**Task objective:** Everything from the line containing "Respecto a la" down to the last line below should be set down exactly, and only that, without the pictures.

Dataset content below:

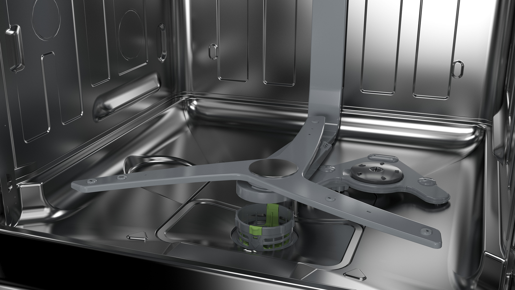 utiliza la microfiltración para eliminar continuamente las partículas de alimentos durante los ciclos de lavado y enjuague y hace circular agua limpia a los platos en las tres rejillas. Esto permite que los utensilios de cocina sucios y los utensilios de vidrio delicados se laven juntos en la misma carga.
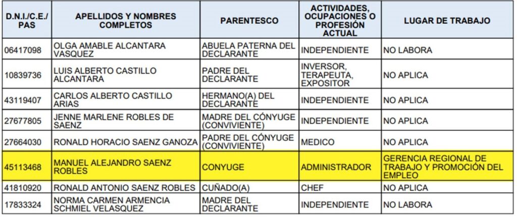 Respecto a la DJI de Norma Castillo, presentada en el año 2021, cuando estaba en el cargo de apoyo en cotizaciones, se visualiza que su esposo Saenz Robles se encontraba laborando en la Gerencia Regional de Trabajo y Promoción del Empleo del Gore La Libertad.
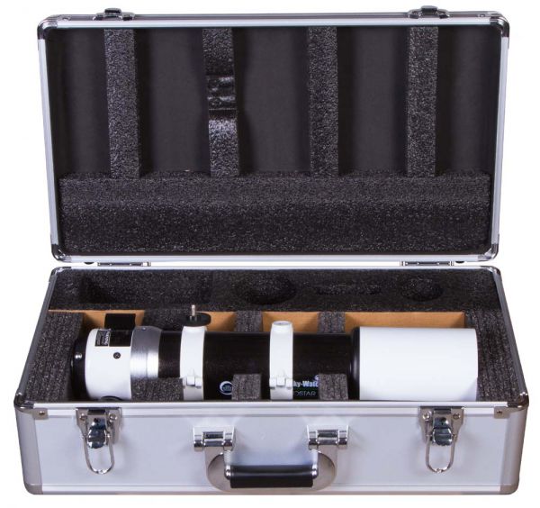 Оптическая труба совместима с любыми аксессуарами с посадочным диаметром 2''. В комплект уже включены крепежные кольца и алюминиевый кейс для хранения и переноски.
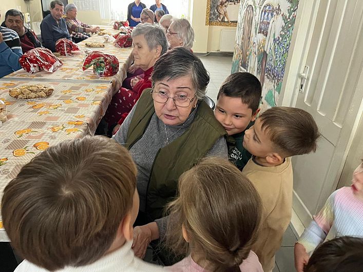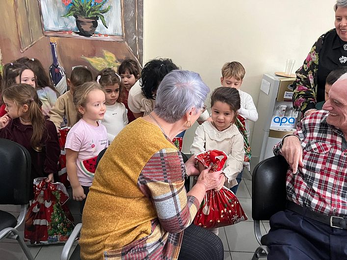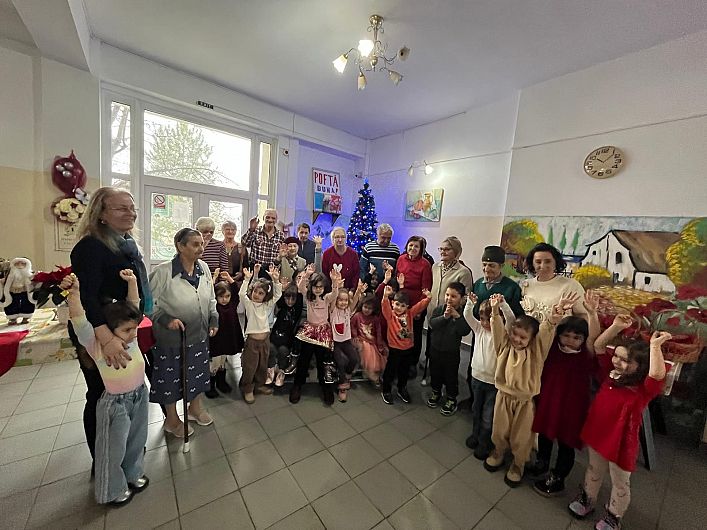 Cei mici au oferit vârstnicilor pachete cu produse de igienă, dulciuri și mici atenții, pregătite cu sprijinul material al părinților. Dincolo de darurile oferite, momentul cel mai emoționant a fost cel artistic: preșcolarii au interpretat colinde tradiționale românești, creând o atmosferă caldă, încărcată de emoție, specifică sărbătorilor de iarnă.
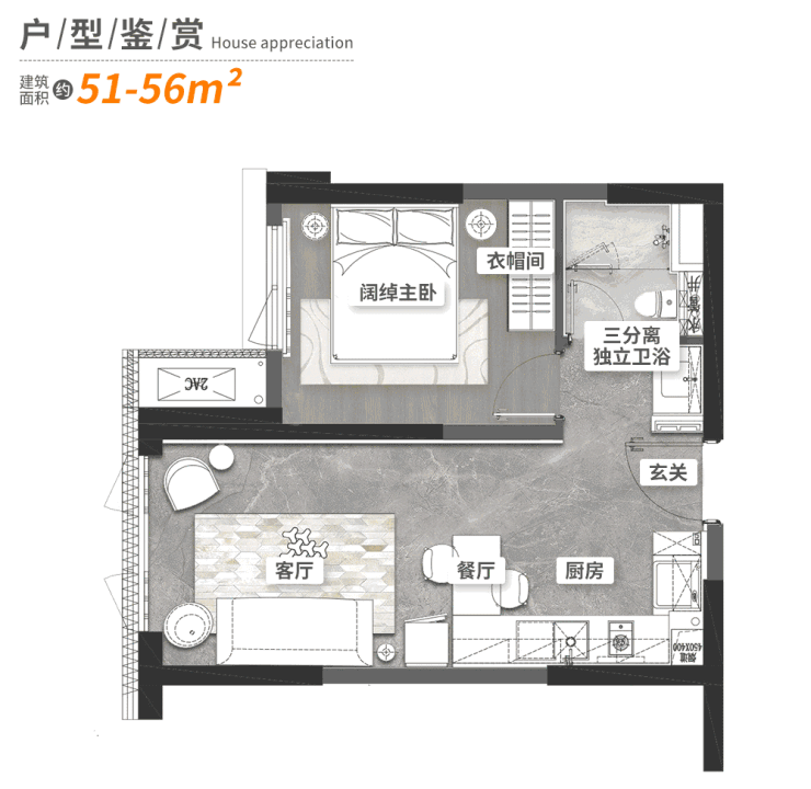 建面约51-56㎡的一房一厅一卫,功能分区明确,互不干扰,客餐厨一体化设计,带来更阔绰的居住空间。
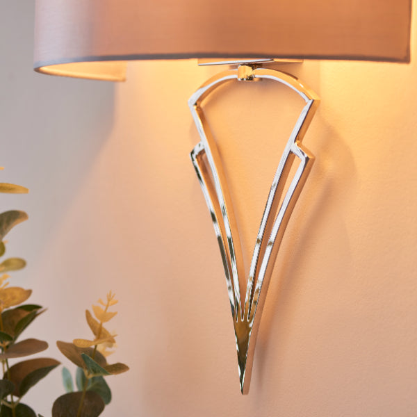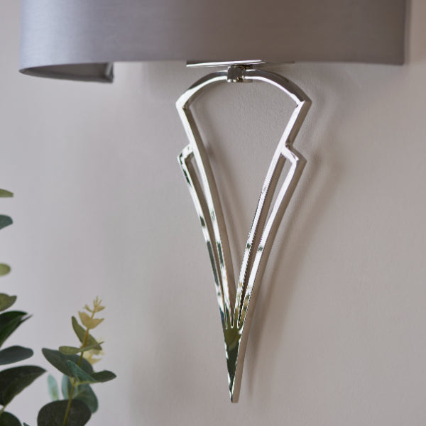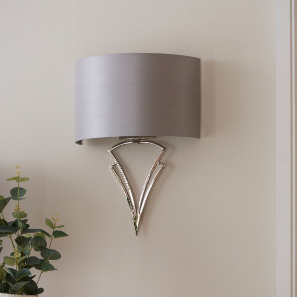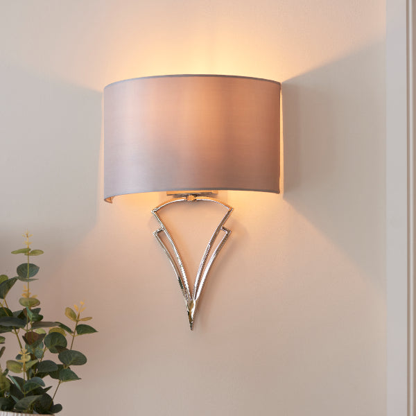 The Lyla is a stunning, eye-catching wall light that will complement any room. Featuring a modern satin nickel finish and curved grey shade for optimum light output. Ideal for use above beds, sofas and in hallways.

End of Dataset content.

**Task result:**
 Respecto a la DJI de Norma Castillo, presentada en el año 2021, cuando estaba en el cargo de apoyo en cotizaciones, se visualiza que su esposo Saenz Robles se encontraba laborando en la Gerencia Regional de Trabajo y Promoción del Empleo del Gore La Libertad.
 Оптическая труба совместима с любыми аксессуарами с посадочным диаметром 2''. В комплект уже включены крепежные кольца и алюминиевый кейс для хранения и переноски.
 Cei mici au oferit vârstnicilor pachete cu produse de igienă, dulciuri și mici atenții, pregătite cu sprijinul material al părinților. Dincolo de darurile oferite, momentul cel mai emoționant a fost cel artistic: preșcolarii au interpretat colinde tradiționale românești, creând o atmosferă caldă, încărcată de emoție, specifică sărbătorilor de iarnă.
 建面约51-56㎡的一房一厅一卫,功能分区明确,互不干扰,客餐厨一体化设计,带来更阔绰的居住空间。
 The Lyla is a stunning, eye-catching wall light that will complement any room. Featuring a modern satin nickel finish and curved grey shade for optimum light output. Ideal for use above beds, sofas and in hallways.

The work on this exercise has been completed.